- **WHAT YOU SHOULD DO**:
Output, exactly and with no pictures, the line that contains "Aunque no se" and every line that comes after it in the data below, the last one included.

Stored items from a collection:
+===+

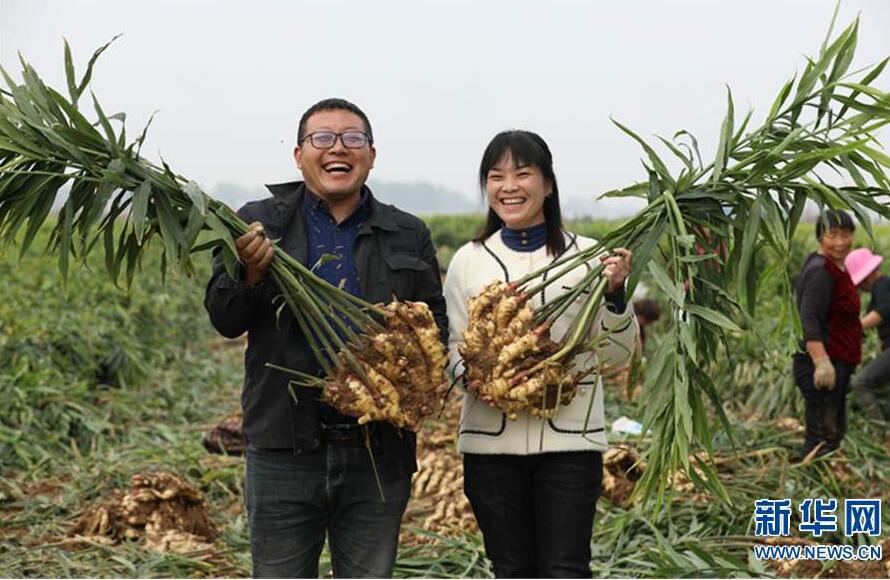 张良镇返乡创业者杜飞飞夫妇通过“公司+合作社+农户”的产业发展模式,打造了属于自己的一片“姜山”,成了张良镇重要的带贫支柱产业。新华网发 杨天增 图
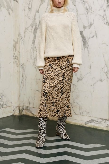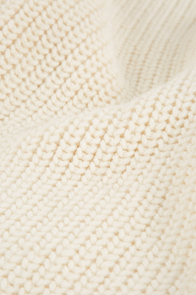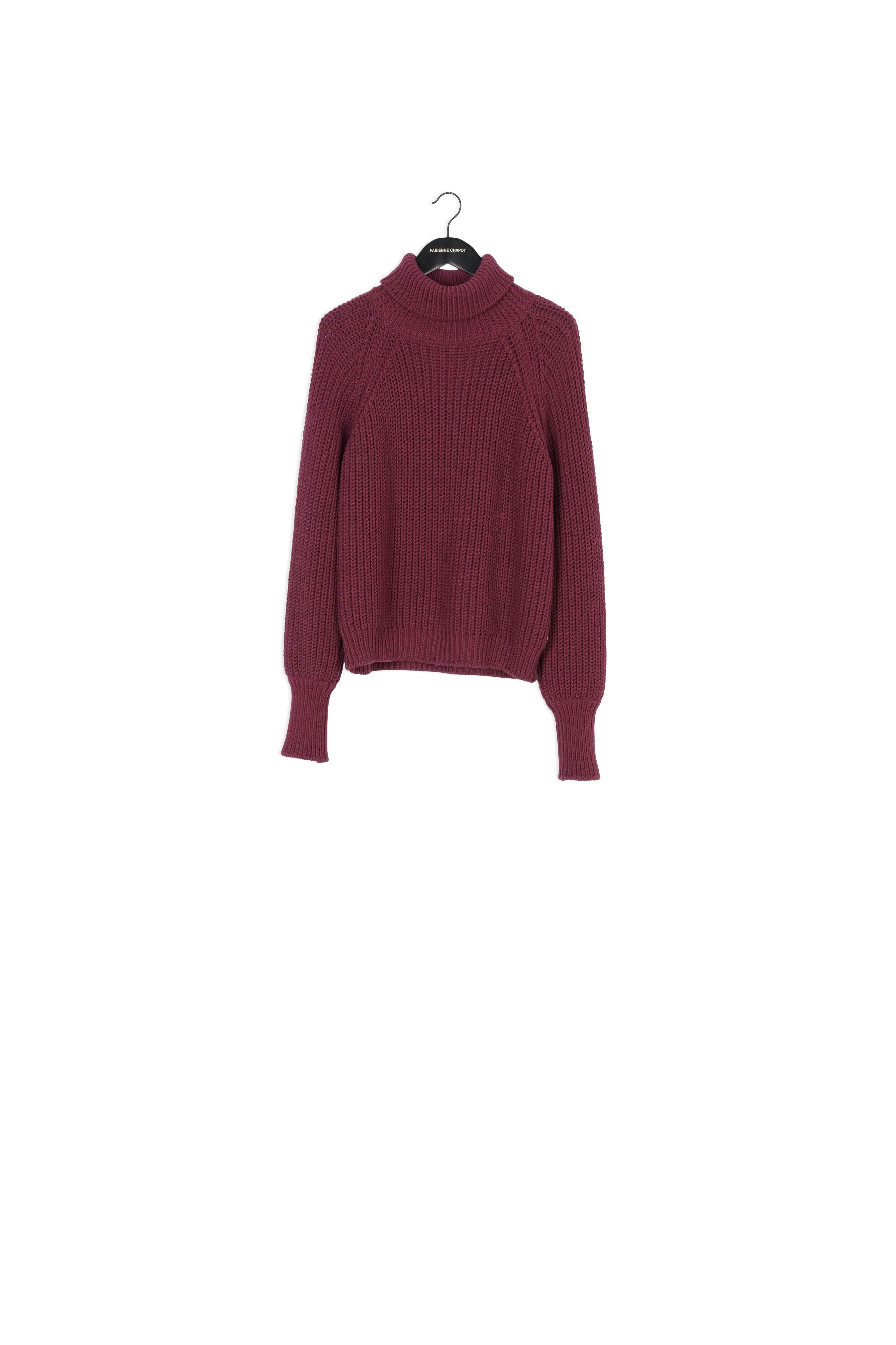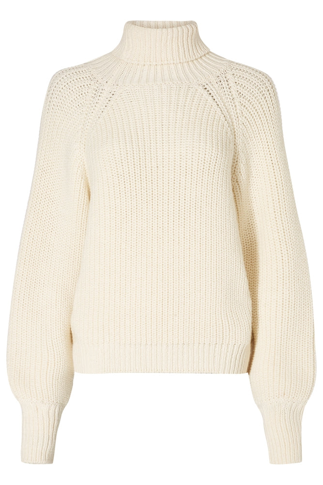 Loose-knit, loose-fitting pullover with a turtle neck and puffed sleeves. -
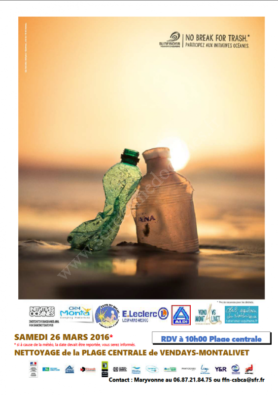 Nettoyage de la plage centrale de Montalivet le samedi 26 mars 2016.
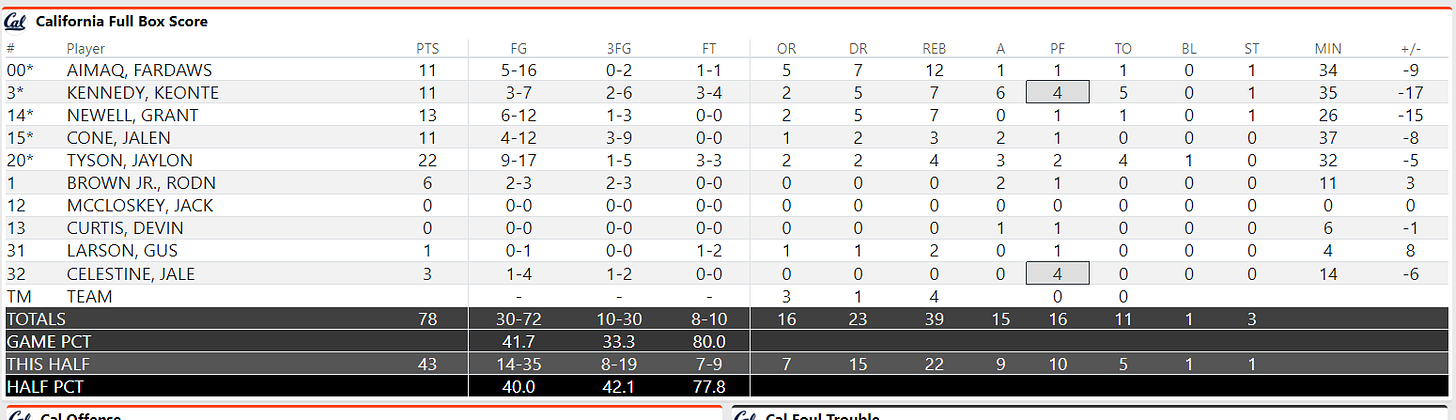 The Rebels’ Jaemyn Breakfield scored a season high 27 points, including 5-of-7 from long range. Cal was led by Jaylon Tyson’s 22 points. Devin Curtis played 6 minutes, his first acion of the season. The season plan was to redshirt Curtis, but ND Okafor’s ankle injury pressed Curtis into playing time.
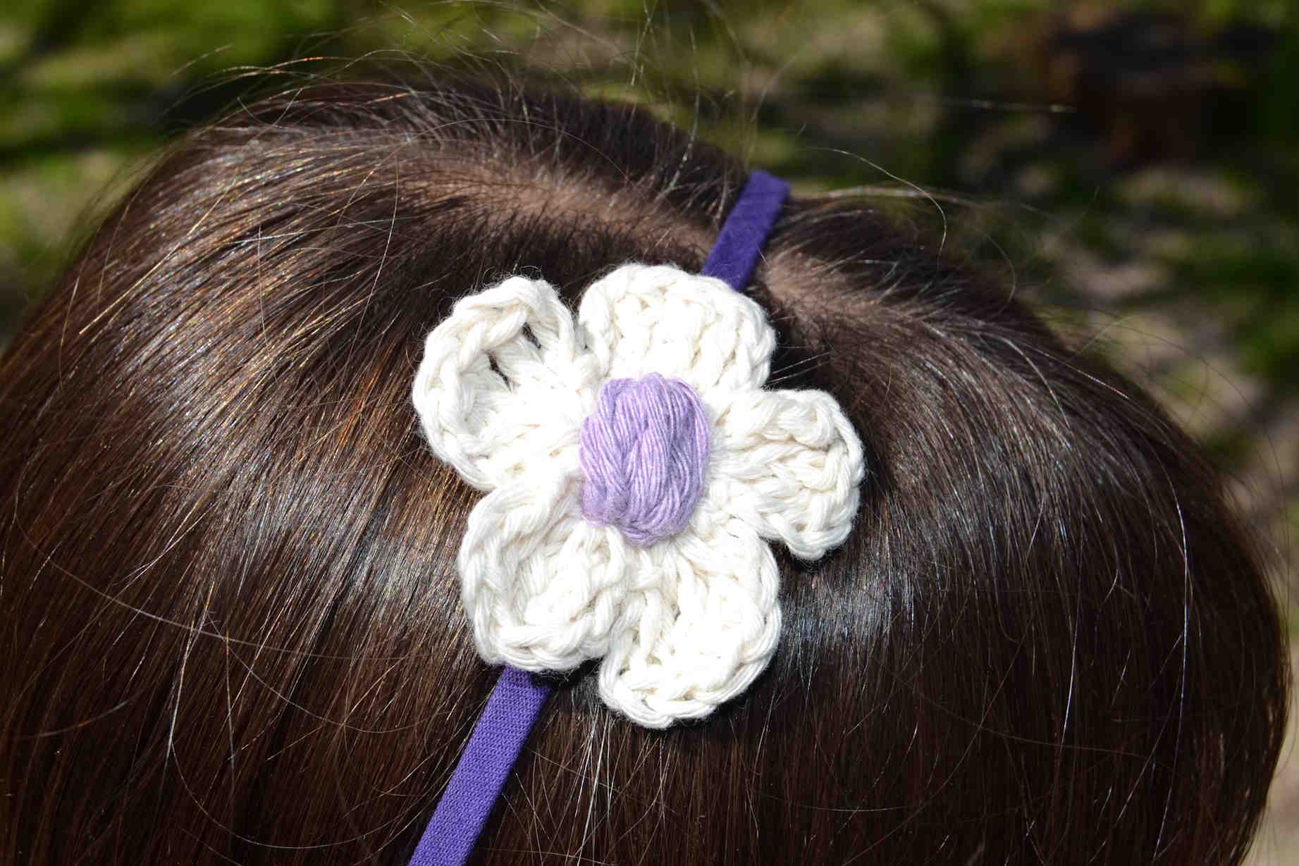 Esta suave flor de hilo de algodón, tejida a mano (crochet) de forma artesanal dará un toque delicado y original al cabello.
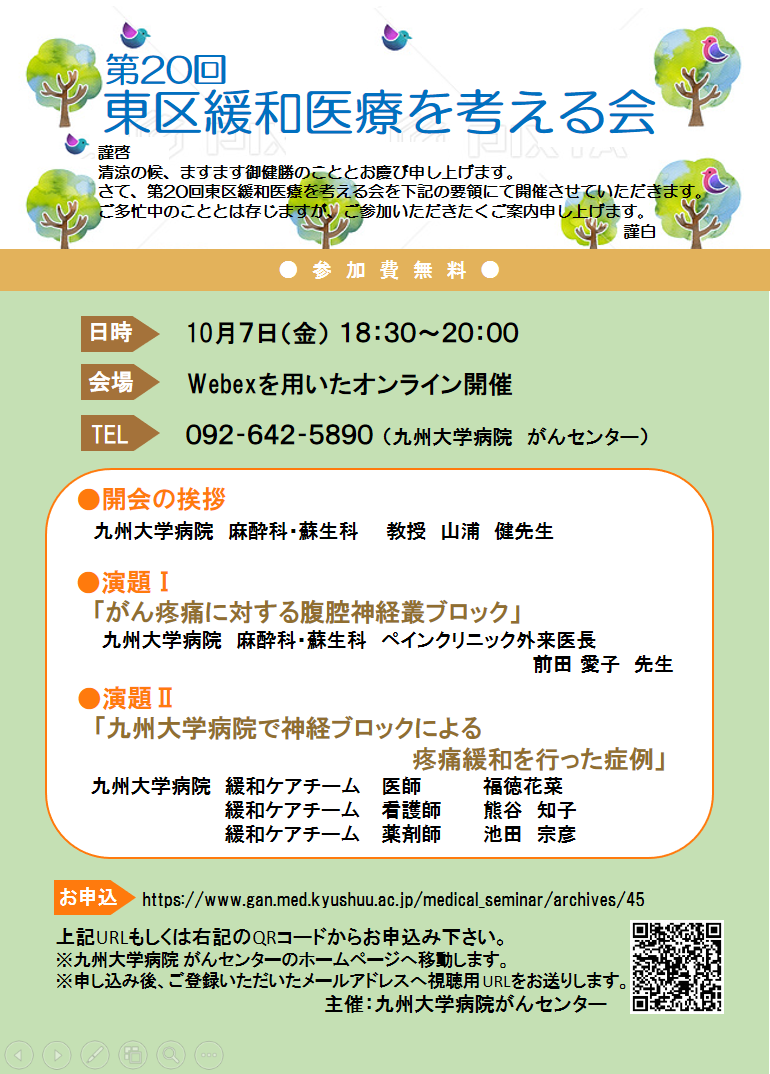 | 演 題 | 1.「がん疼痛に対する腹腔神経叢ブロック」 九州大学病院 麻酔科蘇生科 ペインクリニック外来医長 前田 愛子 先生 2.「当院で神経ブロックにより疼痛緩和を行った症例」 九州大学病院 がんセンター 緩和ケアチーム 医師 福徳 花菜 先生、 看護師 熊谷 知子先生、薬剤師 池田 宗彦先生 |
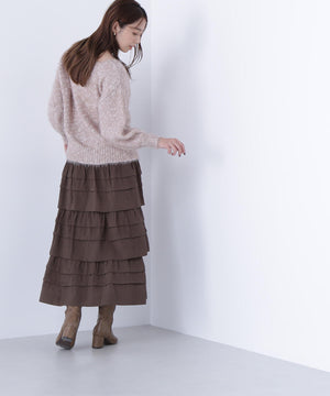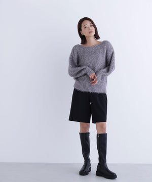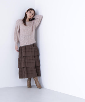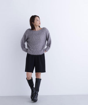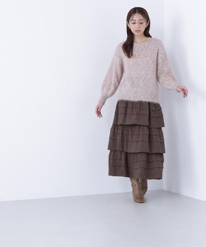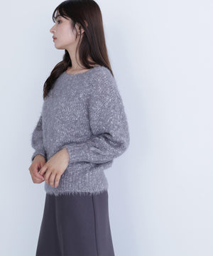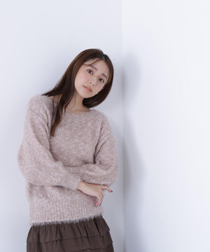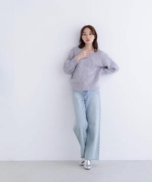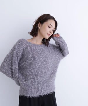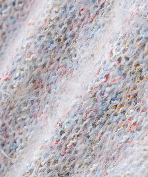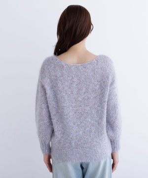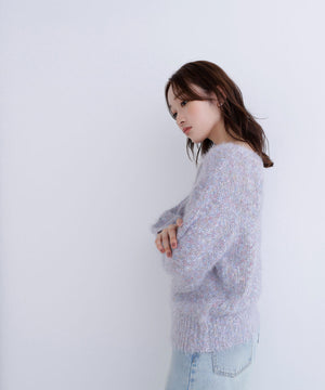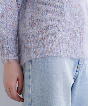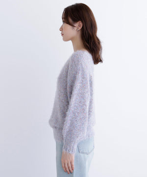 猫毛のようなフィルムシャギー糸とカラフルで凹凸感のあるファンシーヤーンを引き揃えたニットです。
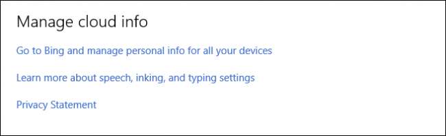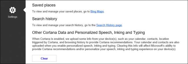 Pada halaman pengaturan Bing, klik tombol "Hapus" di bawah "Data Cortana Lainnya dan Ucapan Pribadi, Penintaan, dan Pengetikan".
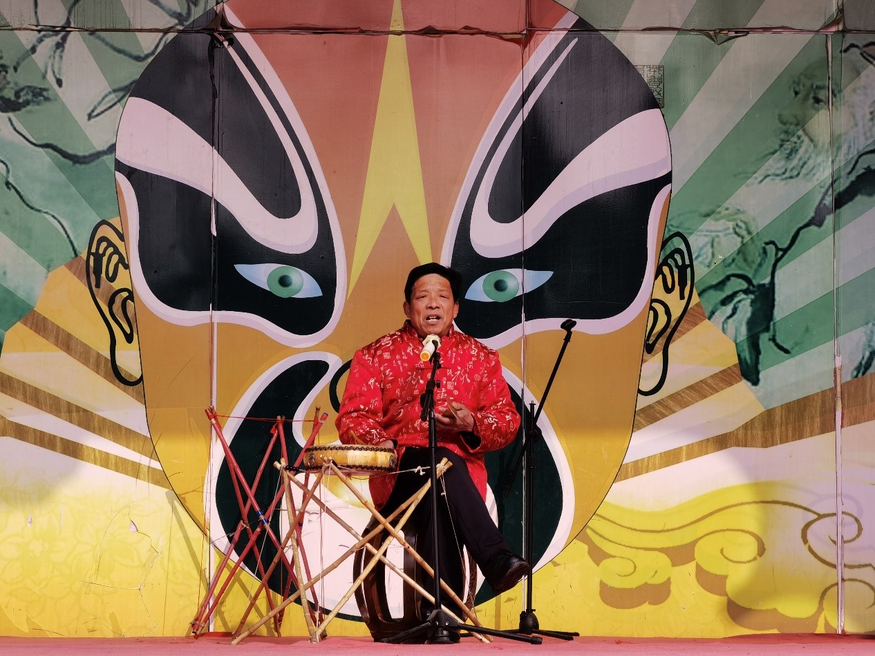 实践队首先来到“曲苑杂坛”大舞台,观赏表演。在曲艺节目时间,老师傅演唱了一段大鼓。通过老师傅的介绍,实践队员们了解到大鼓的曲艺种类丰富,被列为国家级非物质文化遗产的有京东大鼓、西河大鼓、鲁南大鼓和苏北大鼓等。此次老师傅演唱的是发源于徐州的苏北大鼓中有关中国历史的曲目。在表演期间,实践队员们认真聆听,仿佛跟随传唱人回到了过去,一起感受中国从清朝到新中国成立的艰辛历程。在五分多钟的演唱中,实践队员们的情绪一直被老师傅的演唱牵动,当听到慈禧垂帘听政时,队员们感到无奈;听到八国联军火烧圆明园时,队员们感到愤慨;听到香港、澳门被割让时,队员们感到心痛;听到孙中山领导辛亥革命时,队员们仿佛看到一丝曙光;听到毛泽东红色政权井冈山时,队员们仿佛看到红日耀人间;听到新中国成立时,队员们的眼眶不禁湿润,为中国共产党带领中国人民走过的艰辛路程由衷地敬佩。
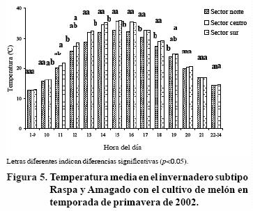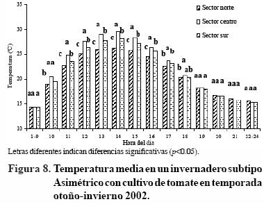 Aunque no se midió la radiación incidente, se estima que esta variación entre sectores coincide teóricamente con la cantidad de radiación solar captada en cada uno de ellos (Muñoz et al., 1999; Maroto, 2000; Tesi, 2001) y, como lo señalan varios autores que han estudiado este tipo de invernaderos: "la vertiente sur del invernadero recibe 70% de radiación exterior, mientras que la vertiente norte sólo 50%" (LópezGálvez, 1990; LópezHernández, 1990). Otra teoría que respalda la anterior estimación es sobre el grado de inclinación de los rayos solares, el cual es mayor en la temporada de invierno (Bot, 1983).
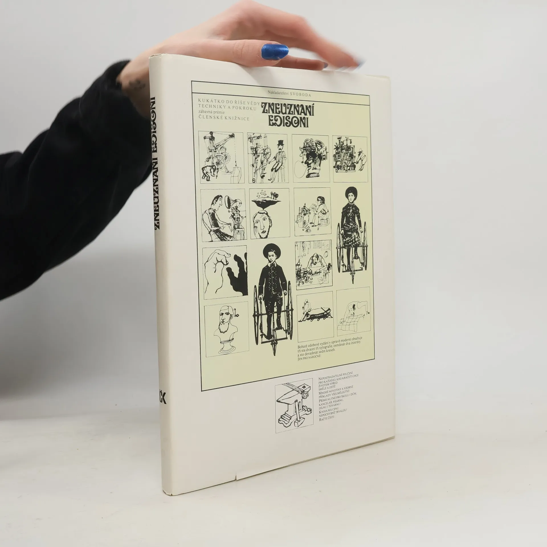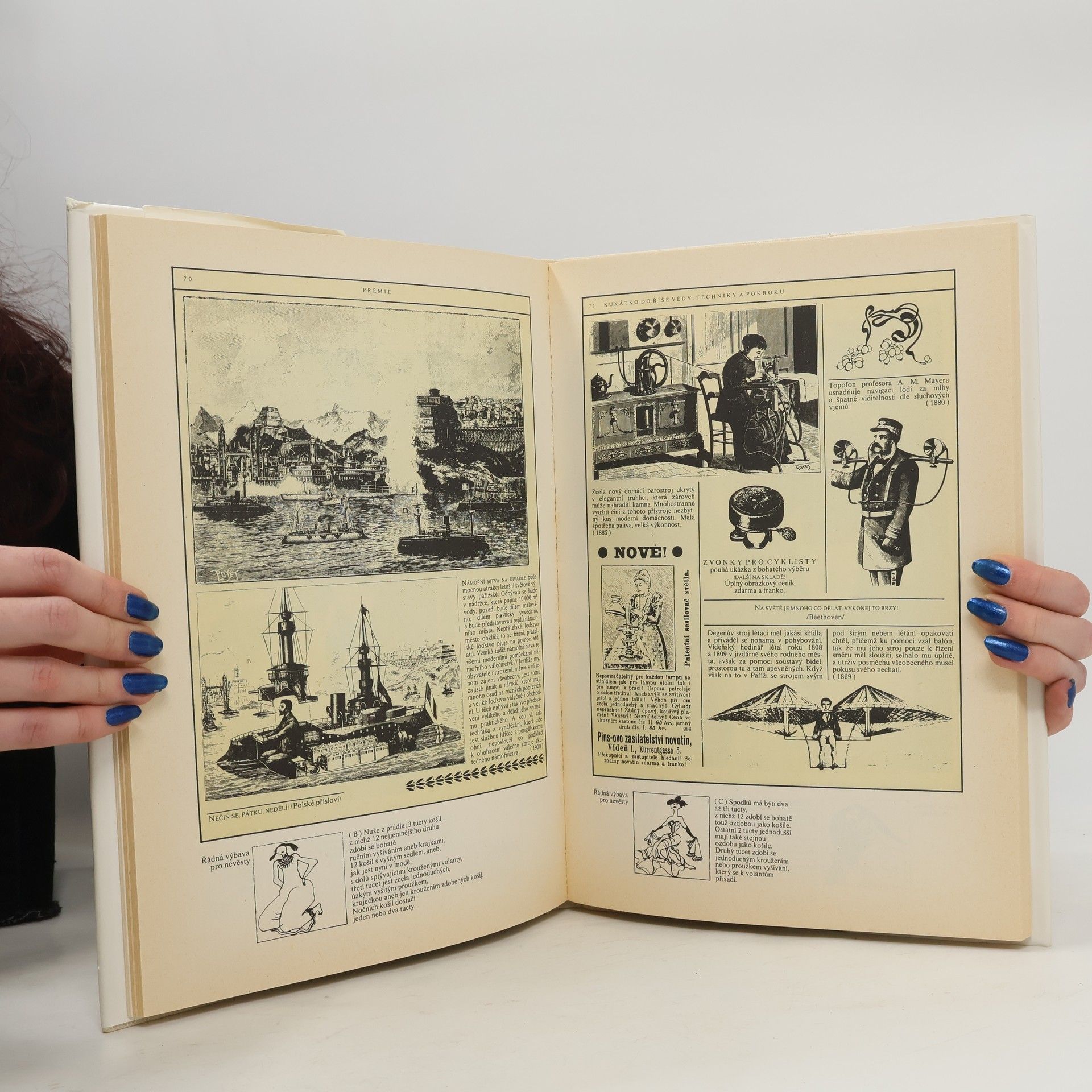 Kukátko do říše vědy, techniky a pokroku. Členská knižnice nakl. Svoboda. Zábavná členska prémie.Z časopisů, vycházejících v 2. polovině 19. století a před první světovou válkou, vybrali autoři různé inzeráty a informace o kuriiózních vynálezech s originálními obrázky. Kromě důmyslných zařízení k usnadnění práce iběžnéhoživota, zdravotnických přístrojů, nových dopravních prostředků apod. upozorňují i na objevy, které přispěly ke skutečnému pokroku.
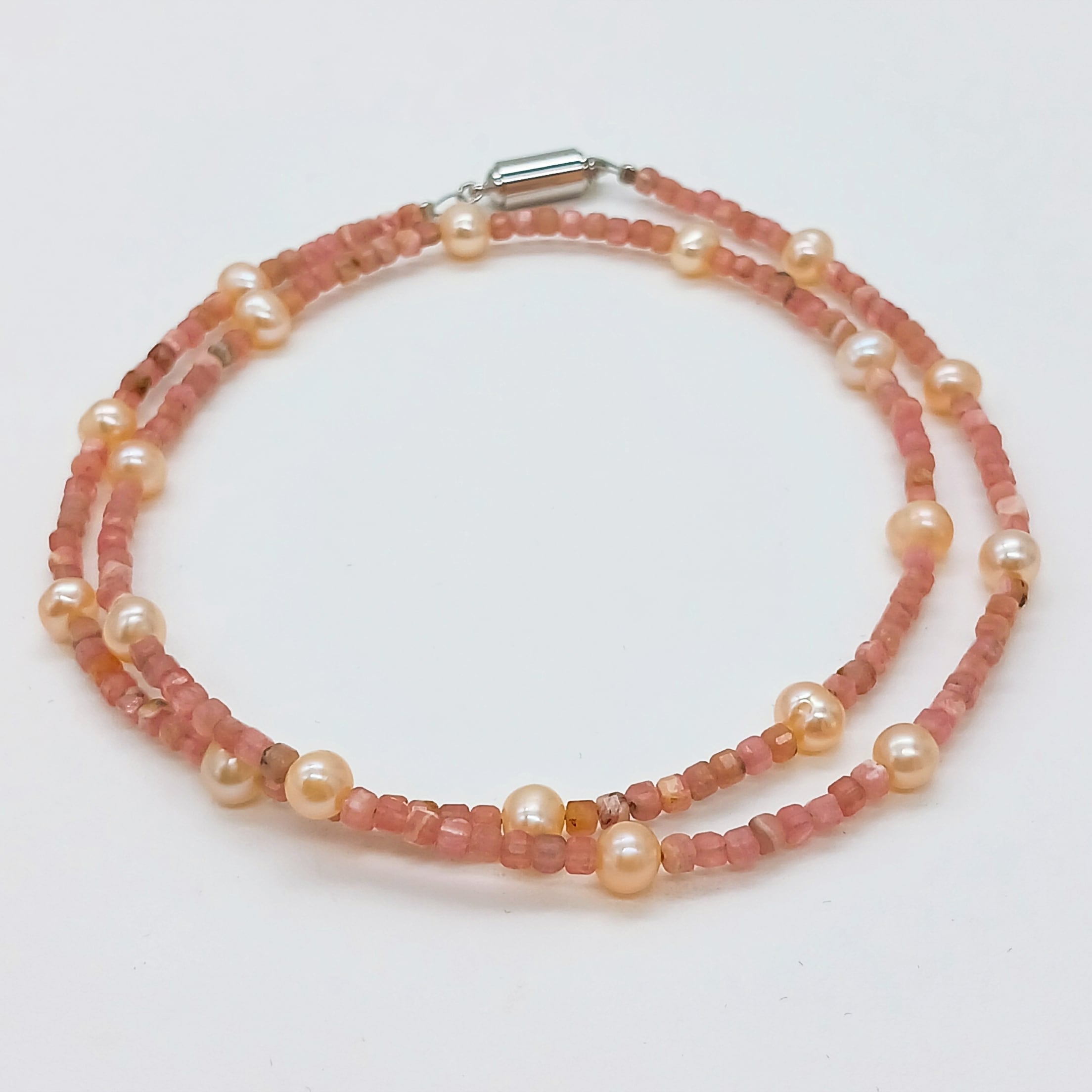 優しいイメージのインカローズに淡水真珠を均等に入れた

+===+

- **RESULT**:
 Aunque no se midió la radiación incidente, se estima que esta variación entre sectores coincide teóricamente con la cantidad de radiación solar captada en cada uno de ellos (Muñoz et al., 1999; Maroto, 2000; Tesi, 2001) y, como lo señalan varios autores que han estudiado este tipo de invernaderos: "la vertiente sur del invernadero recibe 70% de radiación exterior, mientras que la vertiente norte sólo 50%" (LópezGálvez, 1990; LópezHernández, 1990). Otra teoría que respalda la anterior estimación es sobre el grado de inclinación de los rayos solares, el cual es mayor en la temporada de invierno (Bot, 1983).
 Kukátko do říše vědy, techniky a pokroku. Členská knižnice nakl. Svoboda. Zábavná členska prémie.Z časopisů, vycházejících v 2. polovině 19. století a před první světovou válkou, vybrali autoři různé inzeráty a informace o kuriiózních vynálezech s originálními obrázky. Kromě důmyslných zařízení k usnadnění práce iběžnéhoživota, zdravotnických přístrojů, nových dopravních prostředků apod. upozorňují i na objevy, které přispěly ke skutečnému pokroku.
 優しいイメージのインカローズに淡水真珠を均等に入れた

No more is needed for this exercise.